(Records from a collection)
----------------------------------------

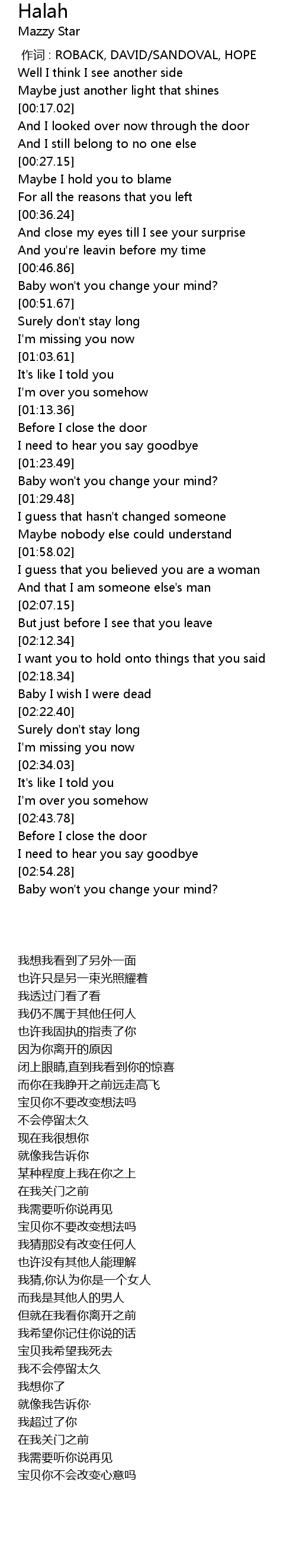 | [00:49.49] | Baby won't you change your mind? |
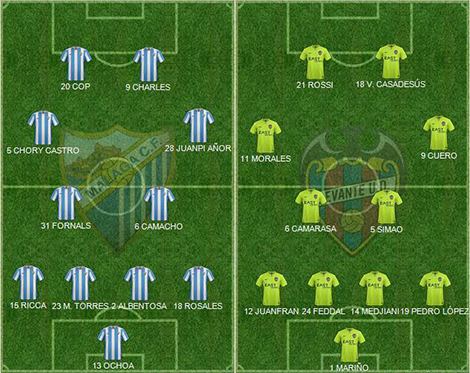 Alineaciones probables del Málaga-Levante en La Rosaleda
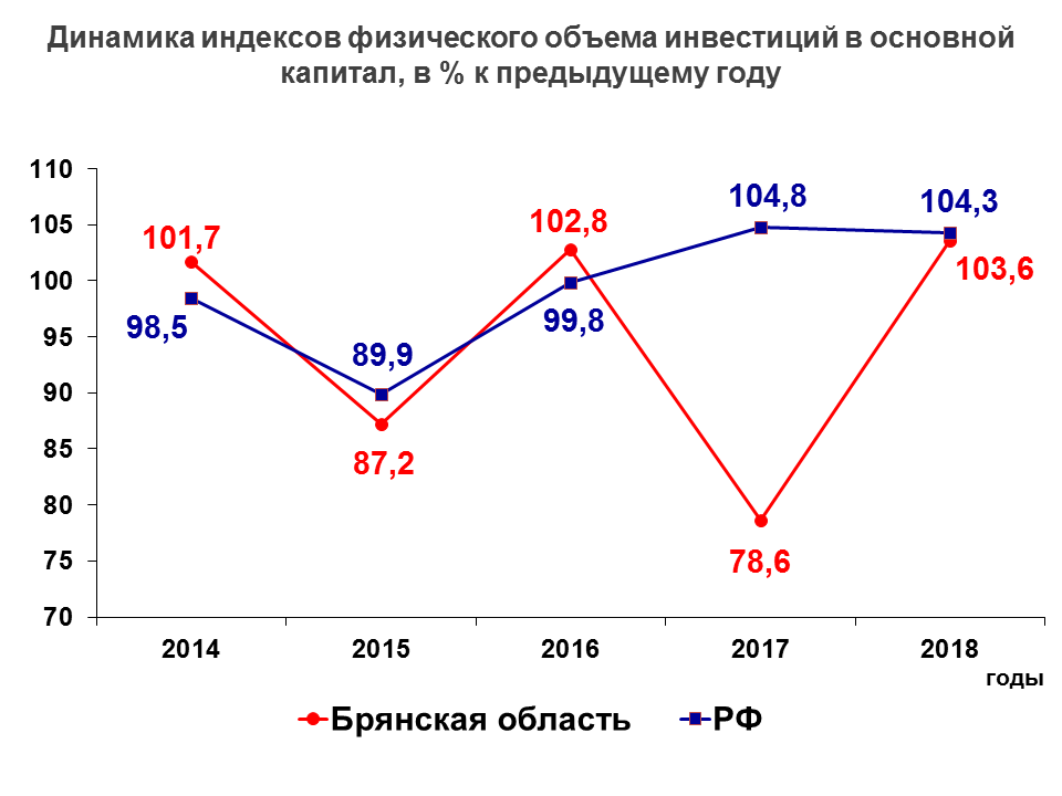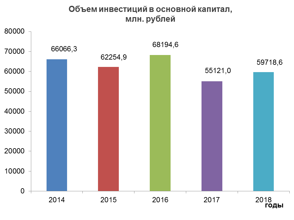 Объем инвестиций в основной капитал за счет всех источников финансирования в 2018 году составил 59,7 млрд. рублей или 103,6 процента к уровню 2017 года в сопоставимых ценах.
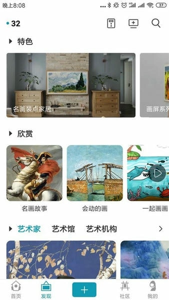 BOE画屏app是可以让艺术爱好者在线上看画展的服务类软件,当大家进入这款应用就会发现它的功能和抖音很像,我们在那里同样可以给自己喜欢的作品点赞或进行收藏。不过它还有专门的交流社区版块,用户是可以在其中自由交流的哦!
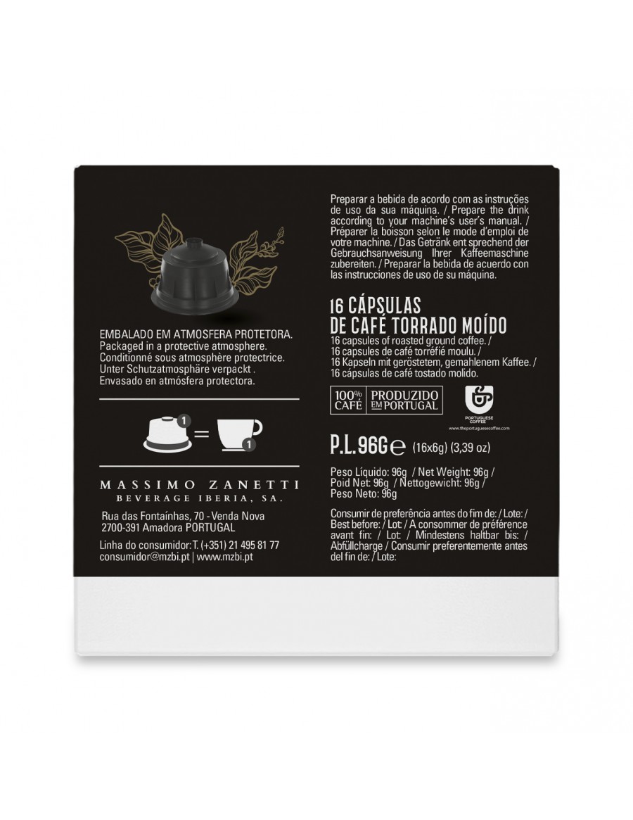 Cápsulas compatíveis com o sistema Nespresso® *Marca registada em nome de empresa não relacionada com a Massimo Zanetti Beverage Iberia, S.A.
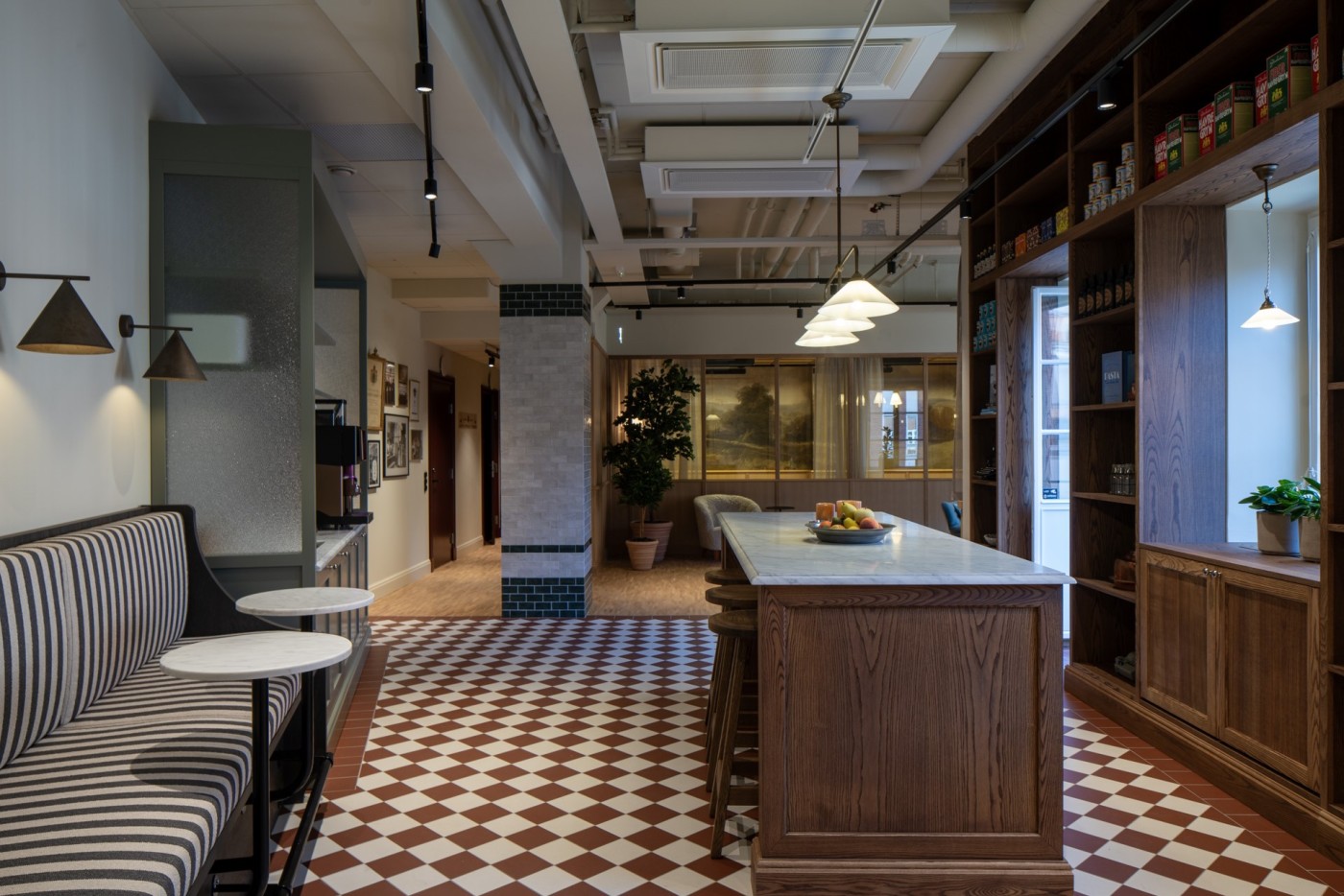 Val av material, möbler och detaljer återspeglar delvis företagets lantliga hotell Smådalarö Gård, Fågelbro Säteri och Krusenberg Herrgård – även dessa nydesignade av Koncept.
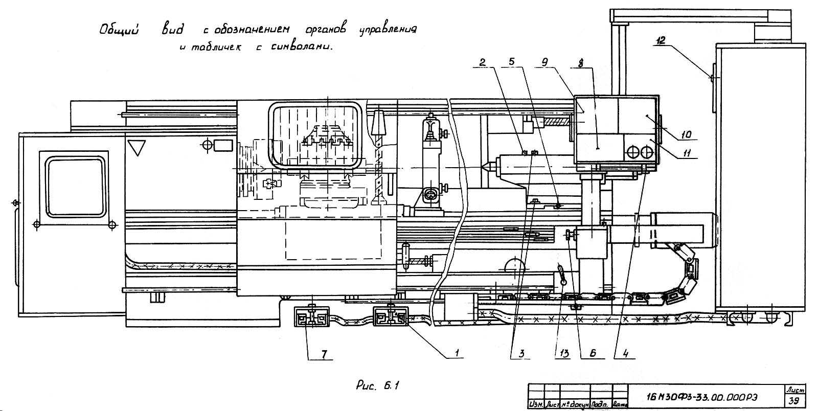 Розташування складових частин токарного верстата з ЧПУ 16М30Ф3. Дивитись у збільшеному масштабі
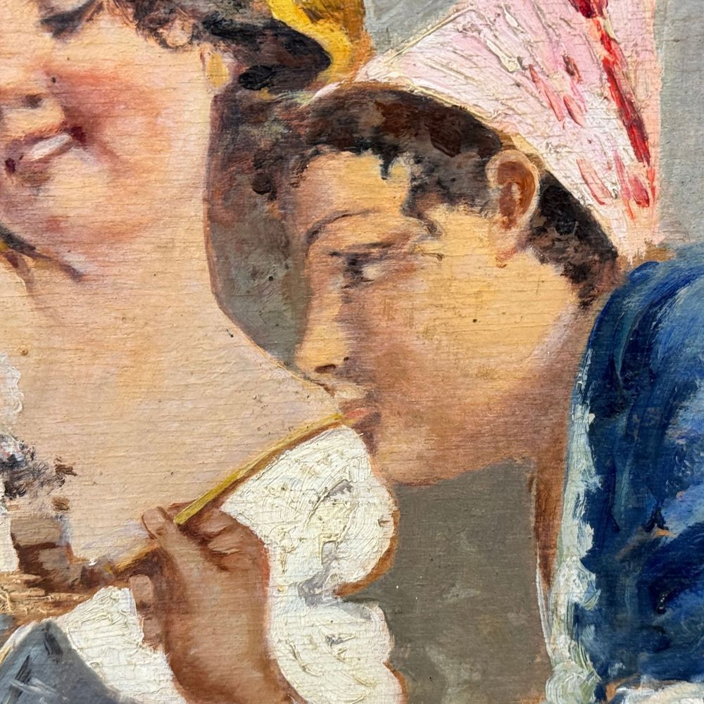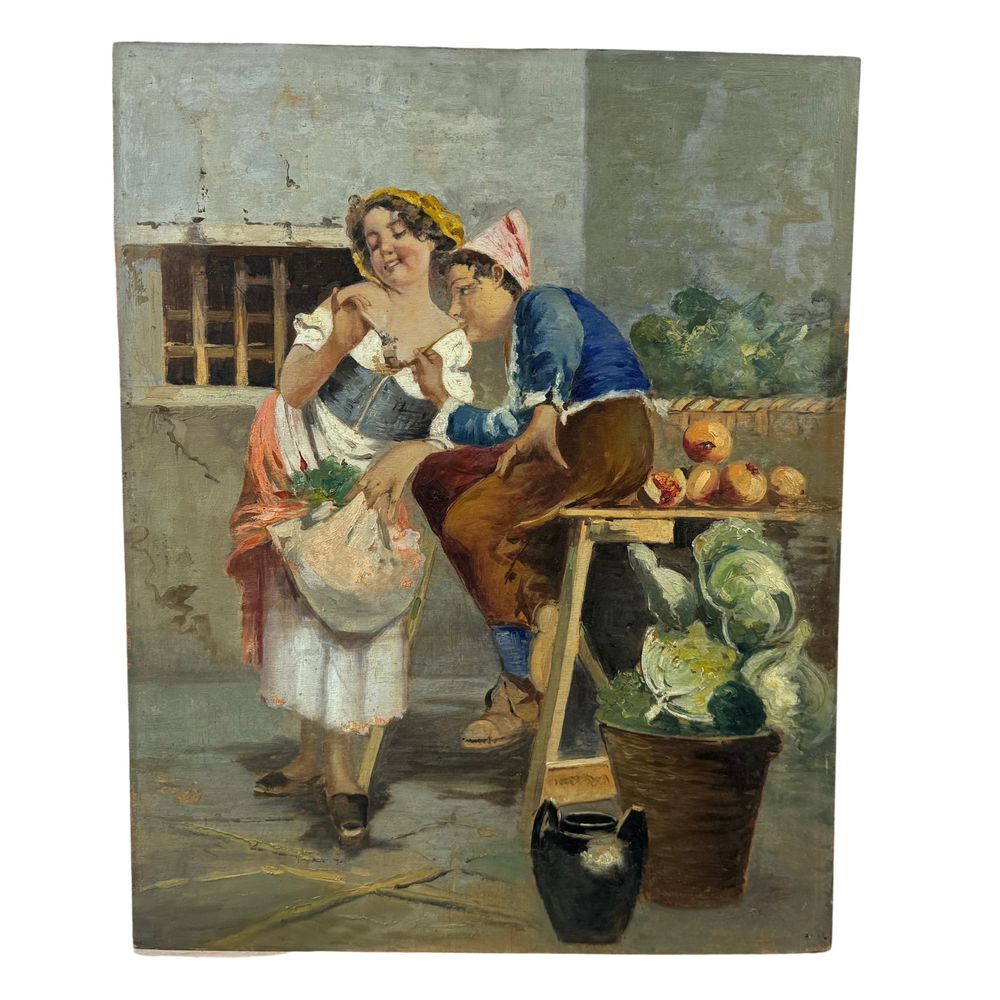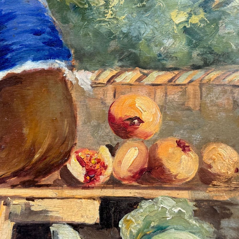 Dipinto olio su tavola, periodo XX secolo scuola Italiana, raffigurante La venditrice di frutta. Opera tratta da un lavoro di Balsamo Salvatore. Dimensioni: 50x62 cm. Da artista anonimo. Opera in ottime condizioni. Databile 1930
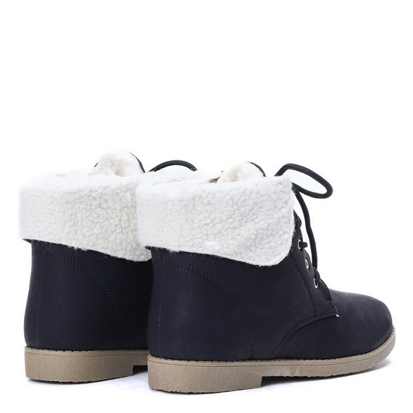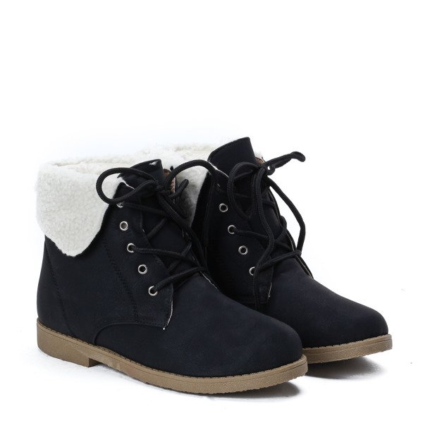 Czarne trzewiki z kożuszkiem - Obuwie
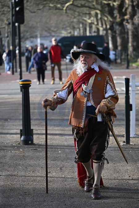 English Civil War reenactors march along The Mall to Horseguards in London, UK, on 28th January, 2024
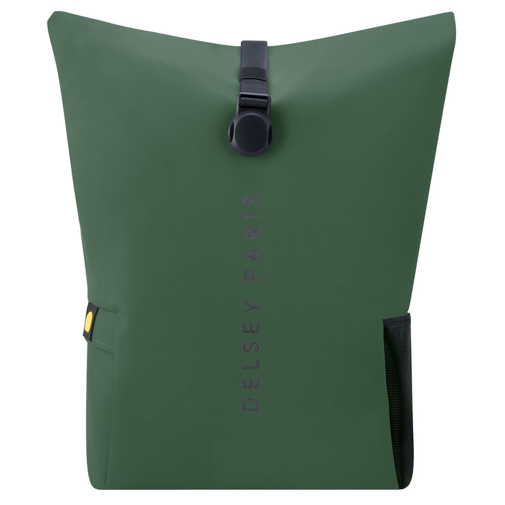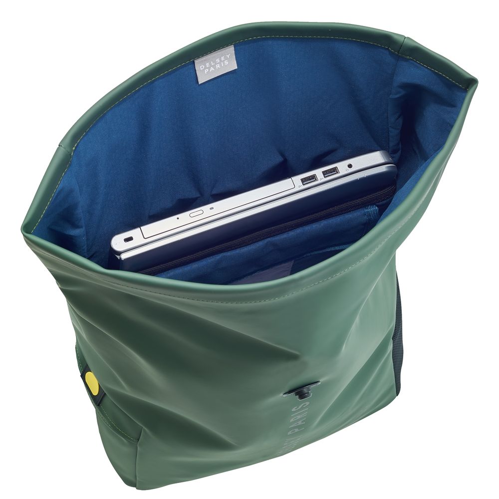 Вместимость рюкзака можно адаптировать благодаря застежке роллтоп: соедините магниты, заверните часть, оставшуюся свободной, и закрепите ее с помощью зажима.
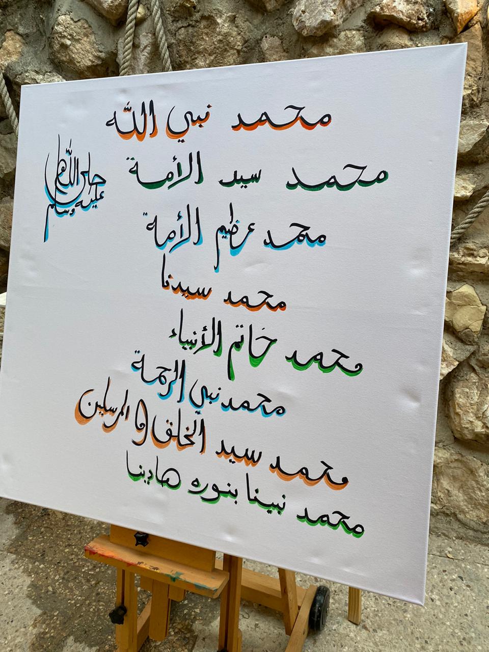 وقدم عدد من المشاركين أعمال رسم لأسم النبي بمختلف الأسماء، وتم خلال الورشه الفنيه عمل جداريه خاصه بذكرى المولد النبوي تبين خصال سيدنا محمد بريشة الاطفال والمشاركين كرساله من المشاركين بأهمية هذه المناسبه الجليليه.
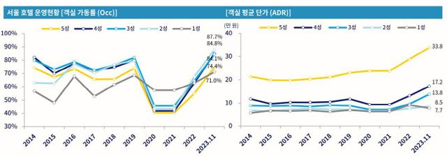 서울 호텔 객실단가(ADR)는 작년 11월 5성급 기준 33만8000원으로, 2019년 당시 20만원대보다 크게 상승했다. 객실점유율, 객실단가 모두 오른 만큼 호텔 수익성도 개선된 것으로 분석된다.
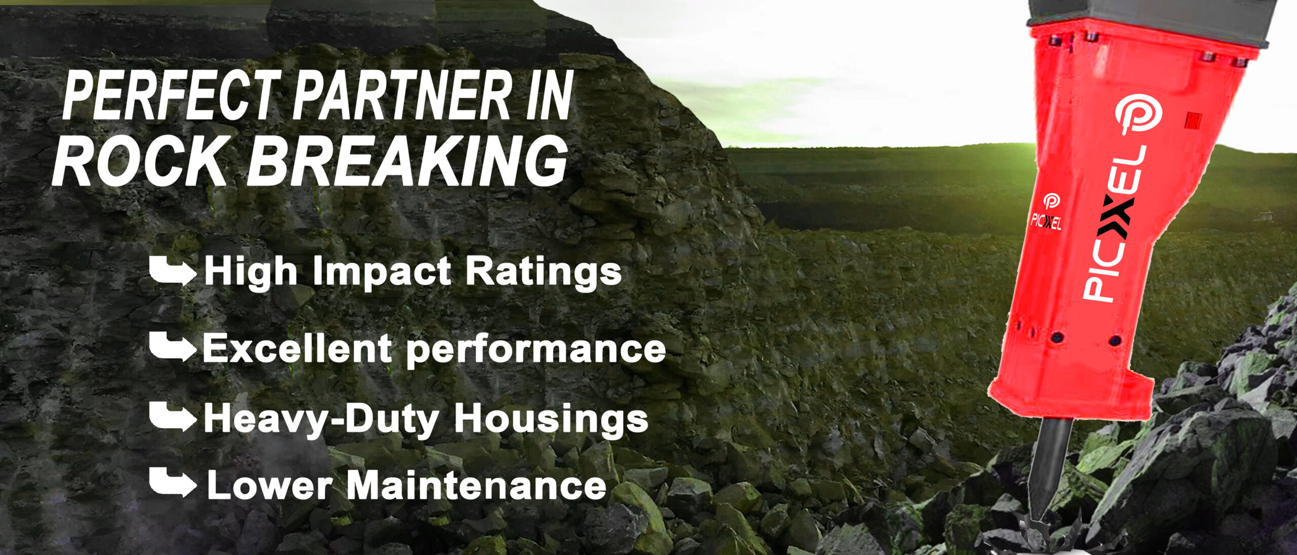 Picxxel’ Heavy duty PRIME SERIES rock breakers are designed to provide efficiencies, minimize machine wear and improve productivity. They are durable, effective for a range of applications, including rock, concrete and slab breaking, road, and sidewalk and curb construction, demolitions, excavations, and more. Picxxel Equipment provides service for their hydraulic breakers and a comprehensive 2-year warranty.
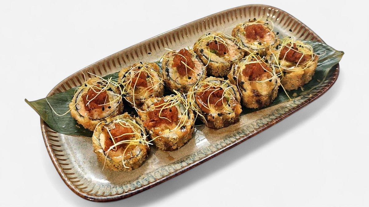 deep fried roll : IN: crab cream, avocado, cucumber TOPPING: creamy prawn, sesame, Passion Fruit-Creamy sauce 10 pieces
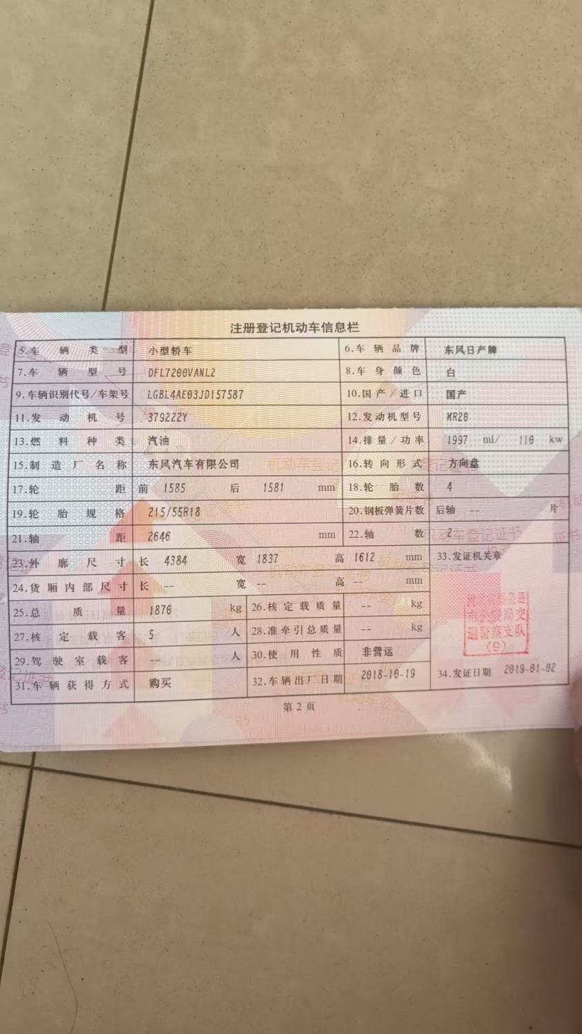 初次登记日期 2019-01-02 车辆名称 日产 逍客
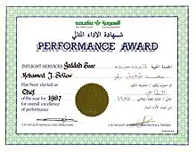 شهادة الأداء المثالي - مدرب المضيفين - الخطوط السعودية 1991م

----------------------------------------

— Task instructions —
Please print each of the records word for word, keeping the pictures out.

— Output of the exercise —
 | [00:49.49] | Baby won't you change your mind? |
 Alineaciones probables del Málaga-Levante en La Rosaleda
 Объем инвестиций в основной капитал за счет всех источников финансирования в 2018 году составил 59,7 млрд. рублей или 103,6 процента к уровню 2017 года в сопоставимых ценах.
 BOE画屏app是可以让艺术爱好者在线上看画展的服务类软件,当大家进入这款应用就会发现它的功能和抖音很像,我们在那里同样可以给自己喜欢的作品点赞或进行收藏。不过它还有专门的交流社区版块,用户是可以在其中自由交流的哦!
 Cápsulas compatíveis com o sistema Nespresso® *Marca registada em nome de empresa não relacionada com a Massimo Zanetti Beverage Iberia, S.A.
 Val av material, möbler och detaljer återspeglar delvis företagets lantliga hotell Smådalarö Gård, Fågelbro Säteri och Krusenberg Herrgård – även dessa nydesignade av Koncept.
 Розташування складових частин токарного верстата з ЧПУ 16М30Ф3. Дивитись у збільшеному масштабі
 Dipinto olio su tavola, periodo XX secolo scuola Italiana, raffigurante La venditrice di frutta. Opera tratta da un lavoro di Balsamo Salvatore. Dimensioni: 50x62 cm. Da artista anonimo. Opera in ottime condizioni. Databile 1930
 Czarne trzewiki z kożuszkiem - Obuwie
 English Civil War reenactors march along The Mall to Horseguards in London, UK, on 28th January, 2024
 Вместимость рюкзака можно адаптировать благодаря застежке роллтоп: соедините магниты, заверните часть, оставшуюся свободной, и закрепите ее с помощью зажима.
 وقدم عدد من المشاركين أعمال رسم لأسم النبي بمختلف الأسماء، وتم خلال الورشه الفنيه عمل جداريه خاصه بذكرى المولد النبوي تبين خصال سيدنا محمد بريشة الاطفال والمشاركين كرساله من المشاركين بأهمية هذه المناسبه الجليليه.
 서울 호텔 객실단가(ADR)는 작년 11월 5성급 기준 33만8000원으로, 2019년 당시 20만원대보다 크게 상승했다. 객실점유율, 객실단가 모두 오른 만큼 호텔 수익성도 개선된 것으로 분석된다.
 Picxxel’ Heavy duty PRIME SERIES rock breakers are designed to provide efficiencies, minimize machine wear and improve productivity. They are durable, effective for a range of applications, including rock, concrete and slab breaking, road, and sidewalk and curb construction, demolitions, excavations, and more. Picxxel Equipment provides service for their hydraulic breakers and a comprehensive 2-year warranty.
 deep fried roll : IN: crab cream, avocado, cucumber TOPPING: creamy prawn, sesame, Passion Fruit-Creamy sauce 10 pieces
 初次登记日期 2019-01-02 车辆名称 日产 逍客
 شهادة الأداء المثالي - مدرب المضيفين - الخطوط السعودية 1991م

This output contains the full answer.